→ **How to complete this task**
Your answer must be the lines of the material below, exactly as written, from its first line through the line with "第7行表示用户id为7的选择", and no pictures.

→ **Provided material**
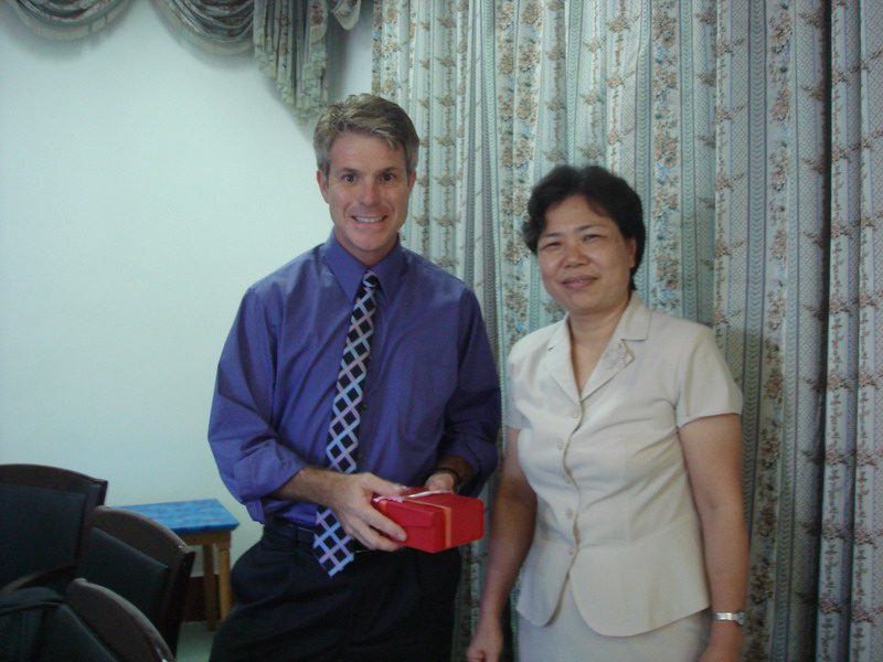 舒马威主任(左一)向儋州校区管委会主任陈琼花(右一)赠送纪念品
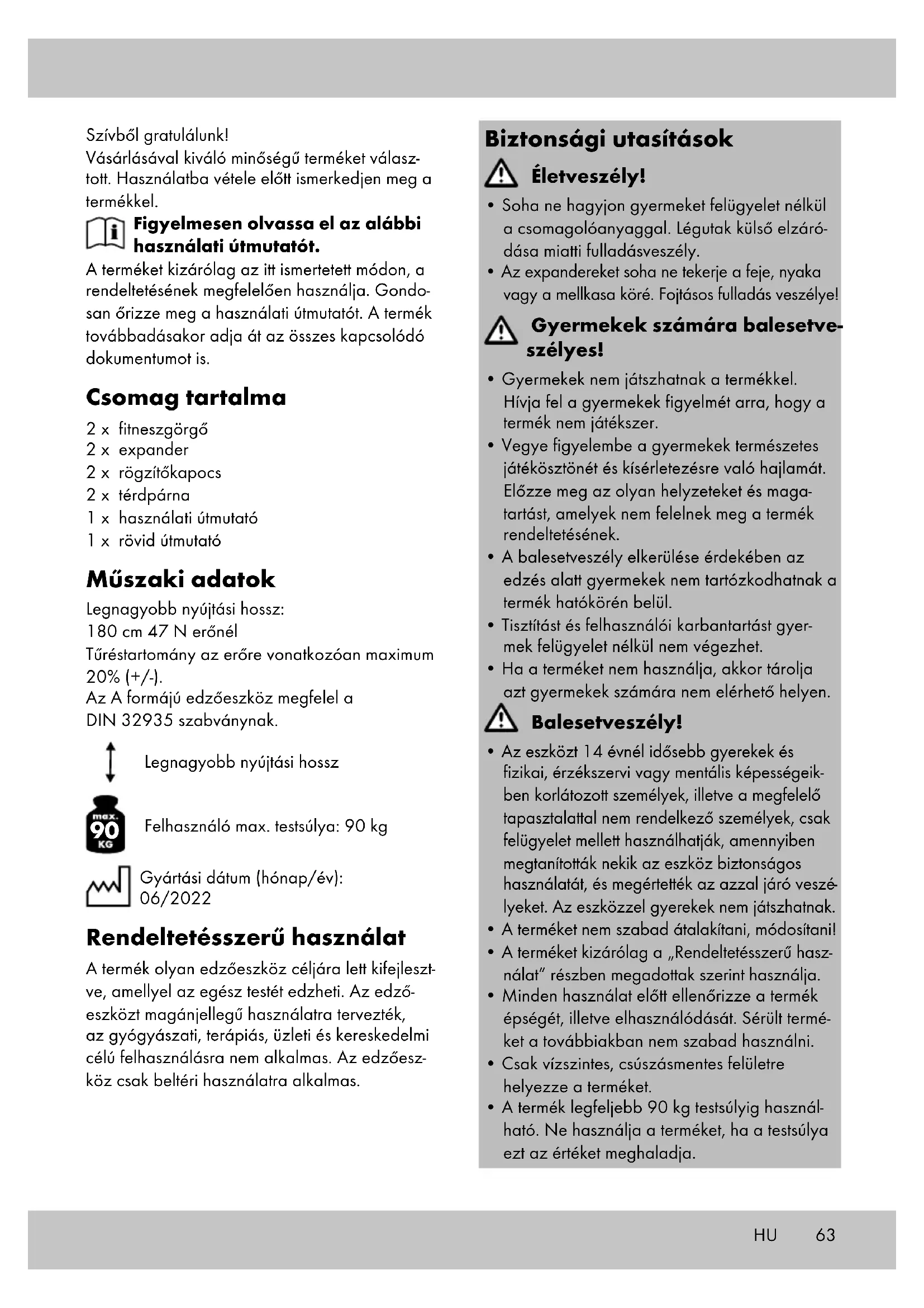 Felhasználó max. testsúlya: 90 kg Gyártási dátum (hónap/év): 06/2022 Rendeltetésszerű használat A termék olyan edzőeszköz céljára lett kifejleszt- ve, amellyel az egész testét edzheti. Az edző- eszközt magánjellegű használatra tervezték, az gyógyászati, terápiás, üzleti és kereskedelmi célú felhasználásra nem alkalmas. Az edzőesz- köz csak beltéri használatra alkalmas.64
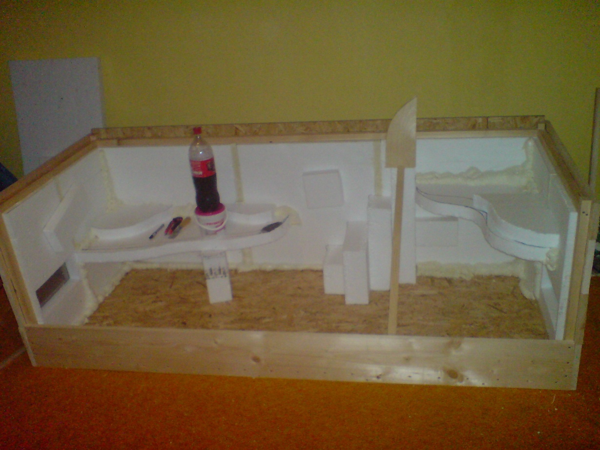 Je to jen vyrezany polystyren, montazni pena, lepidlo, barva. Muzu dat foto ze stavby pokud budete chtit, tak nejakou dokumentaci fotek jsem si udelal.
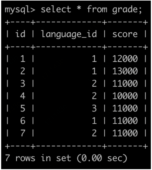 第7行表示用户id为7的选择了language_id为2岗位的最后考试完的分数为11000,
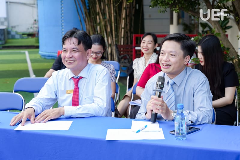 Đại diện UEF tham dự chương trình có TS. Phan Bảo Giang - Phó Hiệu trưởng, Trưởng khoa Marketing, ThS. Lê Dũng - Trưởng Phòng Đào tạo, ThS. Nguyễn Xuân Hưng - Giám đốc Trung tâm Đào tạo thiết kế dự án, ThS. Hà Lê Thu Hoài - Phó Giám đốc Trung tâm Đào tạo thiết kế dự án, cùng các giảng viên phụ trách lớp học.
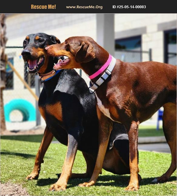 Meet Roco & Nova: The Dynamic Doberman Duo! These two beautiful Dobermans, Roco and Nova, are not just a bonded pair-they're a true team! At 5 years old, they've spent their lives together, and they're inseparable. Unfortunately, due to their owners having to move out of state, Roco and Nova are looking for a new forever home. About Roco (Male) Roco is a gentle giant with a heart of gold. He's loving, laid-back, and a bit of a cuddle bug when he's not busy playing with Nova. His calm demeanor makes him great with kids, other dogs, and humans of all kinds. While he's content to lounge around most of the day, Roco has his moments of zoomies, running around with his best buddy, Nova. He's got a soft spot for belly rubs, and a big smile that'll brighten your day! About Nova (Female) Nova is the perfect mix of playful and affectionate. She's energetic when it counts, but also loves her downtime with Roco. Like Roco, Nova is super friendly with both people and other dogs. She's a social butterfly who loves attention but also knows how to chill out when it's time to relax. Her gentle nature and love for her brother make her a wonderful companion for any family. Whether it's playtime or nap time, Nova is always by Roco's side. The Perfect Pair Roco and Nova are an ideal match for a home looking for two lovable, easygoing dogs. They're great with kids, other dogs, and adults of all ages. They do well with both active families and those who prefer a slower pace. After all, they love their naps! But when the mood strikes, these two will light up the room with their playful zoomies and burst of energy. If you're looking to add a loving, bonded pair to your family, Roco and Nova are ready to shower you with affection and loyalty. They're a package deal, so they're hoping for a home where they can stay together forever. Ready to Meet Roco & Nova? Come visit them today! They can't wait to meet you and show you just how special they are!

→ **Result of this task**
 舒马威主任(左一)向儋州校区管委会主任陈琼花(右一)赠送纪念品
 Felhasználó max. testsúlya: 90 kg Gyártási dátum (hónap/év): 06/2022 Rendeltetésszerű használat A termék olyan edzőeszköz céljára lett kifejleszt- ve, amellyel az egész testét edzheti. Az edző- eszközt magánjellegű használatra tervezték, az gyógyászati, terápiás, üzleti és kereskedelmi célú felhasználásra nem alkalmas. Az edzőesz- köz csak beltéri használatra alkalmas.64
 Je to jen vyrezany polystyren, montazni pena, lepidlo, barva. Muzu dat foto ze stavby pokud budete chtit, tak nejakou dokumentaci fotek jsem si udelal.
 第7行表示用户id为7的选择了language_id为2岗位的最后考试完的分数为11000,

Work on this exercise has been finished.